8.2 Purpose & Best-Efforts Notice
AIJRI was created with a simple purpose: to help people see what is coming. The AI displacement wave is already reshaping labour markets, and most workers have no structured way to assess their own exposure. Existing frameworks are either too academic to be actionable or too simplistic to be useful. AIJRI attempts to bridge that gap.

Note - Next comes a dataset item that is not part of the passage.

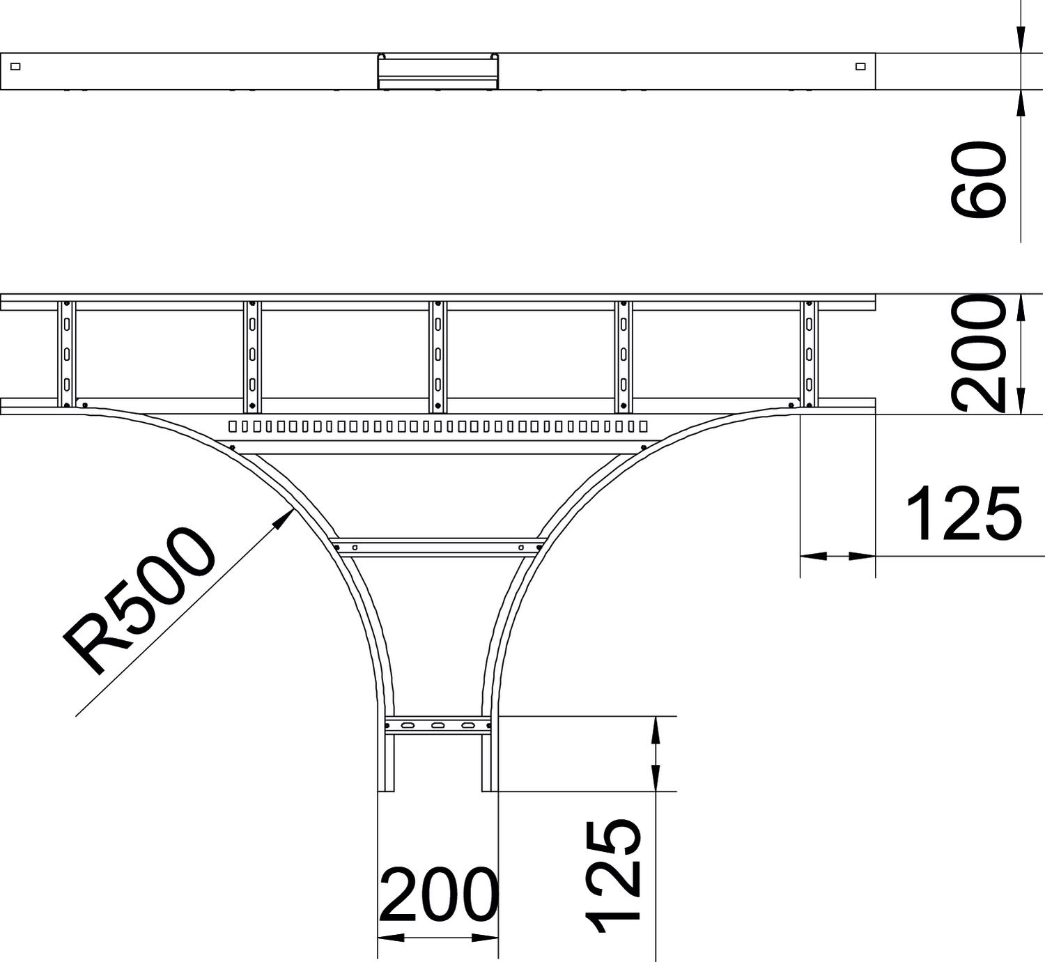 Product descriptionT piece, horizontal, for all cable ladder types of 60 mm side height.
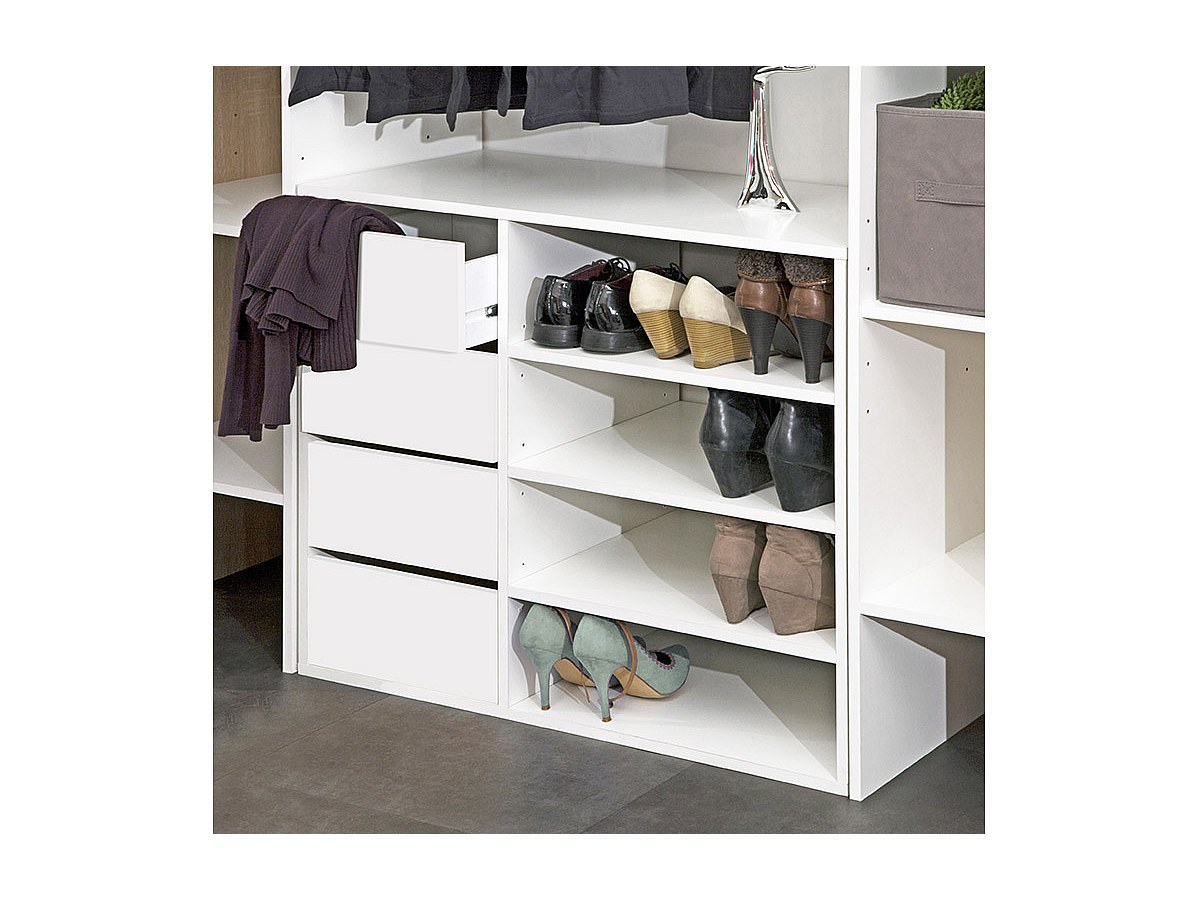 Der Kleiderschrank Emeric ist bis zu 185 cm ausziehbar und verfügt über 2 Seitenschränke, sowie einem begehbaren Mittelteil mit Kleiderstange. Jeder Seitenschrank verfügt über 4 Ablagefächer, von denen 2 verstellbar sind und bietet somit genügend Stauraum für Kleidung und andere Utensilien. Die dazu passende Kommode verfügt über 4 Schubladen und 4 Ablagefächer, welche als Stauraum, aber auch als Schuhregal genutzt werden können.

This methodology is not perfect. It is the best effort we could produce with the tools, data, and knowledge available in early 2026. We publish it openly not because we believe it is definitive, but because we believe the conversation matters more than the precision. If AIJRI provokes debate — about which roles are truly at risk, about whether our scoring weights are right, about what we’ve missed — then it has served its purpose.
We actively invite scrutiny. If our scores are wrong, show us where and we will correct them. The worst outcome is not that AIJRI is imperfect; it is that people sleepwalk into displacement because no one attempted to quantify the risk at all.